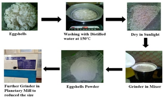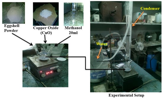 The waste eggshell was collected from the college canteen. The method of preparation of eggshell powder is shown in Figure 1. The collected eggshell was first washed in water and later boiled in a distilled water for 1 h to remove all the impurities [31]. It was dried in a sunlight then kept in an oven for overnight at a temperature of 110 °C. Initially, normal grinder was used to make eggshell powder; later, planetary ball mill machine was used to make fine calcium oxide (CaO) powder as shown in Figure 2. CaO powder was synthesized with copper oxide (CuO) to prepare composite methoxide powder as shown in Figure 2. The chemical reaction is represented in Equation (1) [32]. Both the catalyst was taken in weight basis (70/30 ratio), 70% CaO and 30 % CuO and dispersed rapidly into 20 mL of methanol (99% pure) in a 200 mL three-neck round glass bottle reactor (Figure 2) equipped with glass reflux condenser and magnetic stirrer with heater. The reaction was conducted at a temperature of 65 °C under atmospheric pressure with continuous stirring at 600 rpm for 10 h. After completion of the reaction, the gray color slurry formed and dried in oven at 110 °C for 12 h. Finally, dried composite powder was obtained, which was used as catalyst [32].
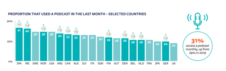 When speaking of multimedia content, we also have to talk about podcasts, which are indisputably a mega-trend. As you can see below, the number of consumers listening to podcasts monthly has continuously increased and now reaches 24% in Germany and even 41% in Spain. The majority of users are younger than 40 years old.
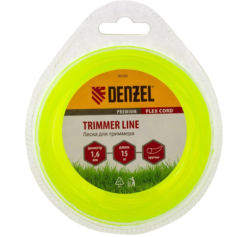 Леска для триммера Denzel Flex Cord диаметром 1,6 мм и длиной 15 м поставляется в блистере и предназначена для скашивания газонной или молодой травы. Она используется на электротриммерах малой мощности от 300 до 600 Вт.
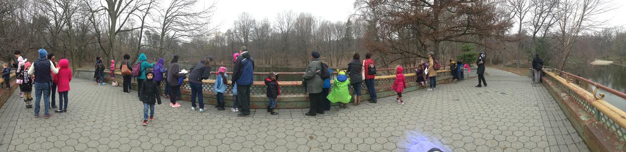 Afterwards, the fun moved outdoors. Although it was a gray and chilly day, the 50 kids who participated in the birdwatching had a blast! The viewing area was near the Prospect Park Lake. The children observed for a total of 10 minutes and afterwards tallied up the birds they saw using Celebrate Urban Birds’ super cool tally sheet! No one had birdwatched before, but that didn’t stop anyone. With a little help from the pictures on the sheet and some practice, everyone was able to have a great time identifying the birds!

...

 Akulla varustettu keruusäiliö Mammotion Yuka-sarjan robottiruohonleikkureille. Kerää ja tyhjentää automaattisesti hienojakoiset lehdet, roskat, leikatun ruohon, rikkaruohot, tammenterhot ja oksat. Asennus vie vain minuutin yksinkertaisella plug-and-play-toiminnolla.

→ **Task item**: Nothing but the lines from the one containing "When speaking of" through the one containing "Леска для триммера" should appear, copied exactly from the material above and without pictures.

→ **Written answer**:
 When speaking of multimedia content, we also have to talk about podcasts, which are indisputably a mega-trend. As you can see below, the number of consumers listening to podcasts monthly has continuously increased and now reaches 24% in Germany and even 41% in Spain. The majority of users are younger than 40 years old.
 Леска для триммера Denzel Flex Cord диаметром 1,6 мм и длиной 15 м поставляется в блистере и предназначена для скашивания газонной или молодой травы. Она используется на электротриммерах малой мощности от 300 до 600 Вт.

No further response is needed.